Whilst pricing & reimbursement of drugs is mainly decided at the national level, the Regions make the decision as to whether the drug is added to the regional formulary or not and they can also decide upon different patient co-payments.

Regulation of medical devices and aids falls within the remit of the Ministry of Health’s General Directorate for Medical Devices, Pharmaceutical Services and Care Safety. Medical Devices in Italy are not subject to P&R negotiation at the national level, thus funding must be negotiated at the regional or local level.
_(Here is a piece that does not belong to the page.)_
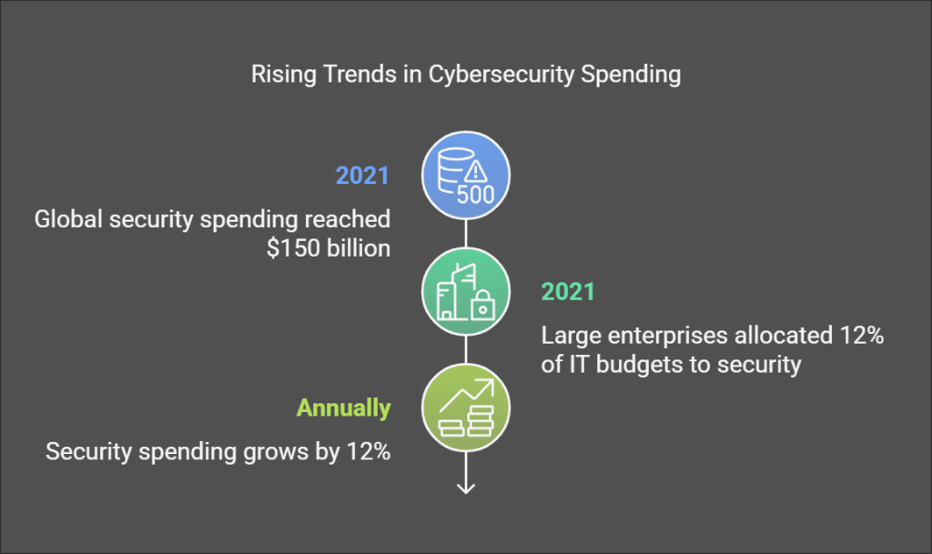 The difference between professional football teams and weekend warriors isn’t just skill—it’s strategy. Elite teams meticulously craft formations, analyze opponent tendencies, and develop sophisticated game plans. Similarly, enterprise cybersecurity only resembles amateur efforts on the surface. Where small businesses might implement basic security to “check a box,” Fortune 1000 companies invest significantly in security strategies tailored to their threat landscape. According to Gartner, global security spending reached $150 billion in 2021, with large enterprises allocating an average of 12% of their IT budgets to security—a figure that continues to grow by approximately 12% annually.

AIFA (through the CTS) classifies pharmaceuticals into three categories:

  • Class A - products reimbursed by the SSN with or without co-payment and distributed either by pharmacies or by hospitals
  • Class H -products that are fully reimbursed by the SSN, but can only be distributed by hospitals.
  • Class C -drugs that are entirely paid for by patients, except when regional health departments include specific drugs in reimbursement schemes.

Implications for Research Projects

In Italy it is essential to undertake research at both the National and Regional levels in order to gain insights into the possible outcomes and to understand how to influence them. This, of course, requires we recruit the right respondents:

For all projects in Italy, the appropriate national targets would be professionals related AIFA i.e. members, ex-members and clinical members of the advisory committees.

As the regional influence is so important it is essential to include ASR respondents in all but very early stage projects.

If likely local uptake needs to be assessed, then for primary care the appropriate targets will be the ASL and for secondary care the local level payors for hospital drugs will be the head of pharmacy/formulary pharmacist and the budget holder/head of clinical department.